**INPUT DATA:**

════════

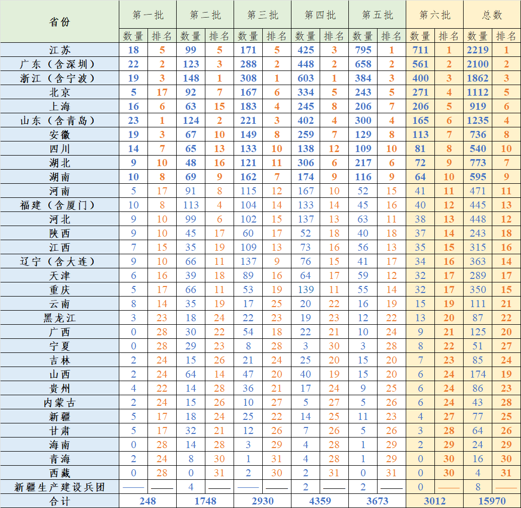 第六批“小巨人”企業公示數量3012家,比第五批的3673家減少650余家,大部分省市立項數量較前批次也都出現了不同程度的下降(參見圖1)。近年來,我國小巨人培育遴選工作呈現以下特征:
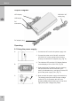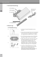 Manual 5 Graphic Diagram: LCD display USB output 100-240 V AC mains plug DC connection DC adaptor plug 6 Operating: 6.1 Using the power supply: A 1. Connect the AC cord to the power supply unit. 2. Connect the other end of the AC cord with a 100-240 V AC mains socket without h aving already connected a DC adaptor plug. (Fig. A) B 3. The indicator LED and the LCD display flashes on and displays 15 to 15.6 V DC. (Fig. B) 4.
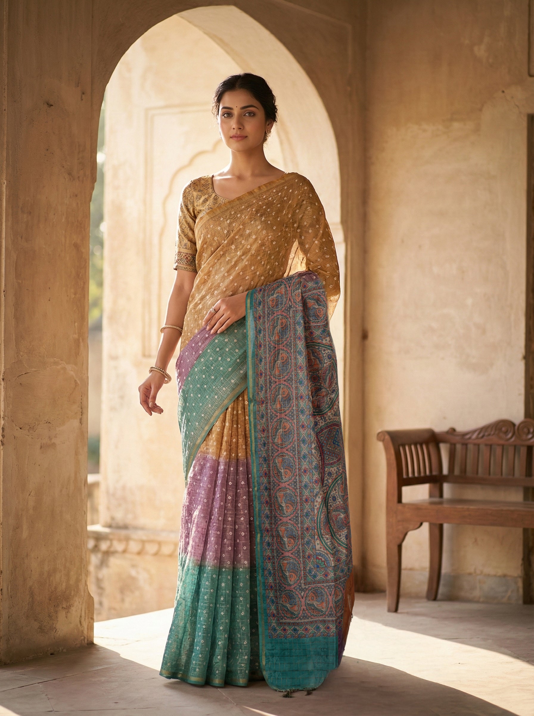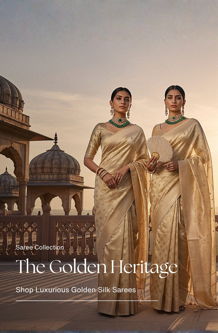 Golden Color Saree With Patterns In Shades Of Pink
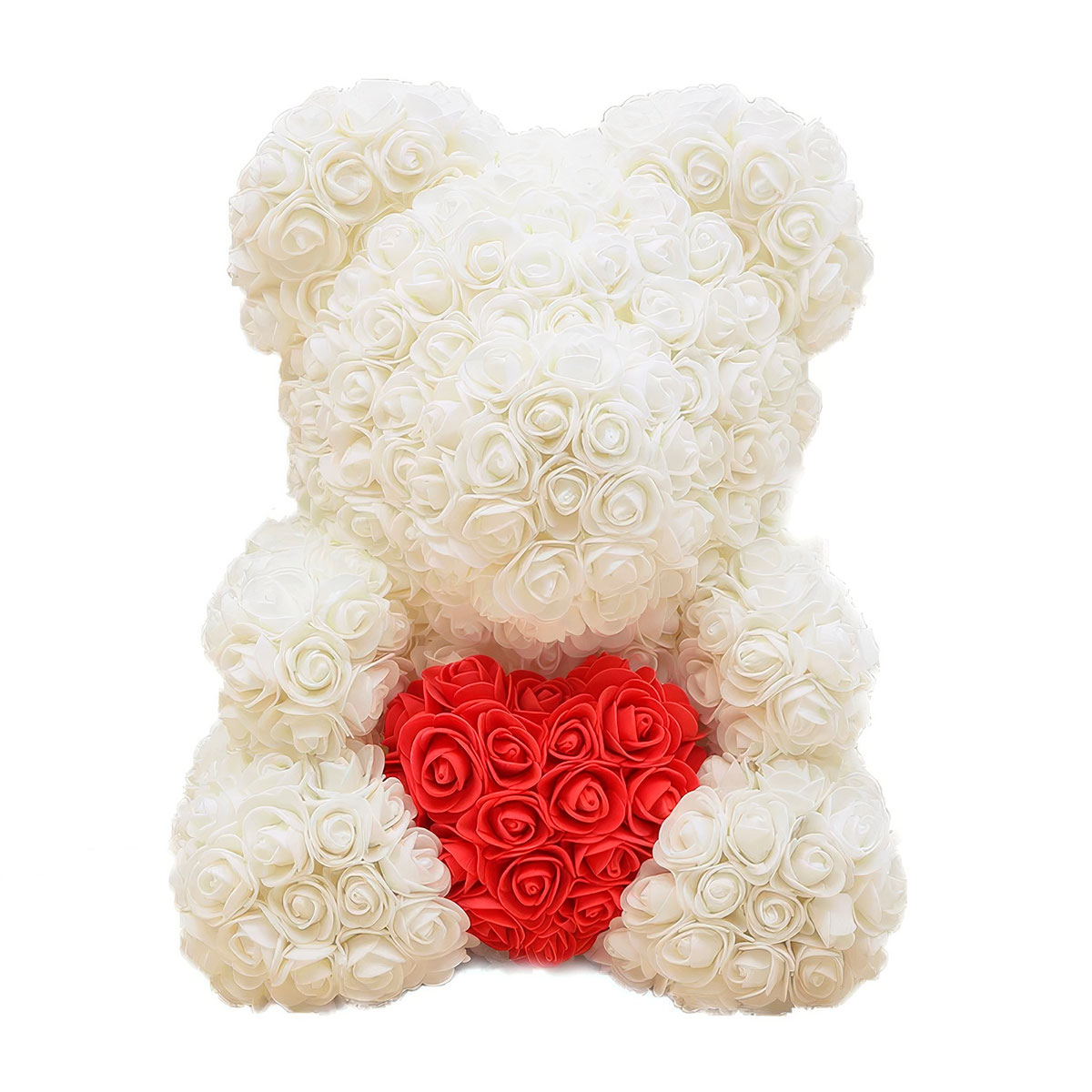 Мишка из роз бежевый с красным сердцем (40 см) с доставкой по г Томск: вы можете заказать подарок в интернет магазине «Флормания» по цене за 4590 руб.

════════

**PROBLEM DESCRIPTION:**
Exact copies of the lines from the one containing "Golden Color Saree" through the final line of the data are required; pictures are to be omitted.

**YOUR SOLUTION:**
 Golden Color Saree With Patterns In Shades Of Pink
 Мишка из роз бежевый с красным сердцем (40 см) с доставкой по г Томск: вы можете заказать подарок в интернет магазине «Флормания» по цене за 4590 руб.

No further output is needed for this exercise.